DATA EXTRACTS:
..............................

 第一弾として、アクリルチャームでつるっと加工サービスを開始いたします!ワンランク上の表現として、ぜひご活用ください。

..............................

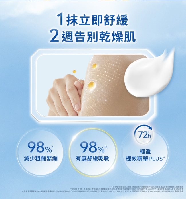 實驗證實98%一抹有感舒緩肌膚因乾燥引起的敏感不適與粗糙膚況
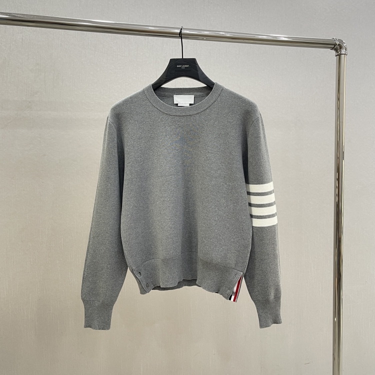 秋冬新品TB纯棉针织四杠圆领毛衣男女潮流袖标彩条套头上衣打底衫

..............................

AIM OF THE EXERCISE:
An exact transcription is needed of the lines from the one with "實驗證實98%一抹有感舒緩肌膚因乾燥引起的敏感不適與粗糙膚況" to the one with "秋冬新品TB纯棉针织四杠圆领毛衣男女潮流袖标彩条套头上衣打底衫" above, both ends included, with pictures left out.

FINISHED TASK:
 實驗證實98%一抹有感舒緩肌膚因乾燥引起的敏感不適與粗糙膚況
 秋冬新品TB纯棉针织四杠圆领毛衣男女潮流袖标彩条套头上衣打底衫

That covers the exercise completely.